Following your examples for User A – I agree with the concepts you’ve presented there.  Ivan and I have had some disagreement about such things as whether details of the manifest are public, what a GET on the identifier returns, etc.  But those details aside – yes all thigns you've listed below are true for A.
And for B – your use of hrefsrc is exactly the type of thing that I would envision as well.  HOWEVER, you are only looking at the easy case – the base HTML files.   Now try to do the same thing for an image referenced by c001.html – in that case, you need TWO hrefsrc – one for the canonical URL and one for the relative mapping inside the package. This also raises the really hard (from a security perspective) case of when c001.html (in this instance) uses an absolute URL to refer to something (eg. our Mona Lisa example at http://www.louvre.com/monalisa.jpg) - but now you need to make this fully self-contained AND not modify the HTML.

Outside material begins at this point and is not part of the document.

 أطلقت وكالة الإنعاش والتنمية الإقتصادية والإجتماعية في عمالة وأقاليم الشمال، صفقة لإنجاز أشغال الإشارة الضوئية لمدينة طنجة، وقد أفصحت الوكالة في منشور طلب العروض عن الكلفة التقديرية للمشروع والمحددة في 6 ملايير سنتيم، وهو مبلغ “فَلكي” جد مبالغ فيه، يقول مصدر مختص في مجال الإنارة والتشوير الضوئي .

I agree that we should look at the Selectors in detail – but I am not (yet) convinced we need to limit them.  But that will come with study.

Leonard

From: Hadrien Gardeur <hadrien.gardeur@feedbooks.com>
Date: Wednesday, November 23, 2016 at 12:30 PM
To: Ivan Herman <ivan@w3.org>
Cc: W3C Digital Publishing IG <public-digipub-ig@w3.org>, Ric Wright <rkwright@geofx.com>, Laurent Le Meur <laurent.lemeur@edrlab.org>
Subject: Re: For the discussion on the PWP
Resent-From: <public-digipub-ig@w3.org>
Resent-Date: Wednesday, November 23, 2016 at 12:31 PM

You mean links in the resources within a WP? My answer would be no. The resources, when put into a package, should be unchanged (with a possible exception for the manifest, maybe).

But if they're unchanged, then we hit the issue that I've described before, where it becomes tricky for a reading system to properly display such a packaged publication.
You either have to dynamically create your own Service Worker, act as a proxy for a a webview (same idea than a Service Worker) or rewrite those links dynamically in the RS.

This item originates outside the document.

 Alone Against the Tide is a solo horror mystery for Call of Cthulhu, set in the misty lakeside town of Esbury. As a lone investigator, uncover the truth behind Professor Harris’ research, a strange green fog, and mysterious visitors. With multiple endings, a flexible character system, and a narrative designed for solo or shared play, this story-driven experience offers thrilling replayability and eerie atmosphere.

Now, to go back to the example that Dave has provided, let's get into a little more details:

  *   Publisher P publishes Orlando and uses https://www.publisher-P/new/Orlando/ as the unique identifier for it
  *   The manifest for Orlando is available at https://www.publisher-P/new/Orlando/manifest.json

User A gets access directly to the Web Publication Manifest (I'm using the syntax that I've used until now to illustrate this entirely):

{
  "metadata": {
    "identifier": "https://www.publisher-P/new/Orlando/",
    "title": "Orlando"
  },

  "links": [
    {"rel": "self", "href": "https://www.publisher-P/new/Orlando/manifest.json", "type": "application/webpub+json"}
  ],

  "spine": [
    {"href": "c001.html", "type": "text/html"},
    {"href": "c002.html", "type": "text/html"},
    {"href": "c003.html", "type": "text/html"},
    {"href": "c004.html", "type": "text/html"}
  ]
}

To reference "c001.html" in this specific publication, a locator could either use:

  *   the identifier (https://www.publisher-P/new/Orlando/) + https://www.publisher-P/new/Orlando/c001.html

  *   the canonical link to the manifest (https://www.publisher-P/new/Orlando/manifest.json) + https://www.publisher-P/new/Orlando/c001.html

All three references should remain stable, no matter how you access the publication.

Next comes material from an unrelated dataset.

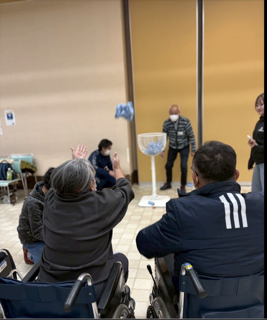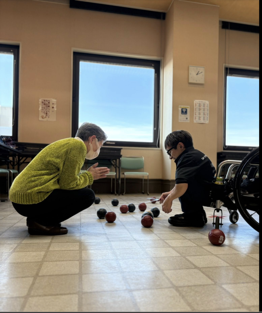 みなさんと一緒にボッチャや車いす玉入れ、アーチェリーを体験をいただきました。

Now User B gets access to a packaged version of that book. There are many different ways this publication could have been packaged, for instance:

  *   by the publisher, at the same time that the Web Publication itself was published on the Web
  *   by a third party client, that simply accessed the manifest and its resources to create a new package
While I've read quite a few times in this group mentions that packaging the publication should not impact the path to the resources, I think that this is completely unrealistic. But frankly, it doesn't really matter as long as the canonical location of each resource is preserved.

For instance, let's say that User B version of the same packaged publication looks like this:

{
  "metadata": {
    "identifier": "https://www.publisher-P/new/Orlando/",
    "title": "Orlando"
  },

  "links": [
    {"rel": "self", "href": "https://www.publisher-P/new/Orlando/manifest.json", "type": "application/webpub+json"}
  ],

  "spine": [
    {"href": "chapter1.html", "hrefsrc": "https://www.publisher-P/new/Orlando/c001.html", "type": "text/html"},
    {"href": "chapter2.html", "hrefsrc": "https://www.publisher-P/new/Orlando/c002.html", "type": "text/html"},
    {"href": "chapter3.html", "hrefsrc": "https://www.publisher-P/new/Orlando/c003.html", "type": "text/html"},
    {"href": "chapter4.html", "hrefsrc": "https://www.publisher-P/new/Orlando/c004.html", "type": "text/html"}
  ]
}

It doesn't really matter if one packaged version renamed "c001.html" to "chapter1.html" or moved it to a different folder in the package, I can still find back what the reference is by using "hrefsrc".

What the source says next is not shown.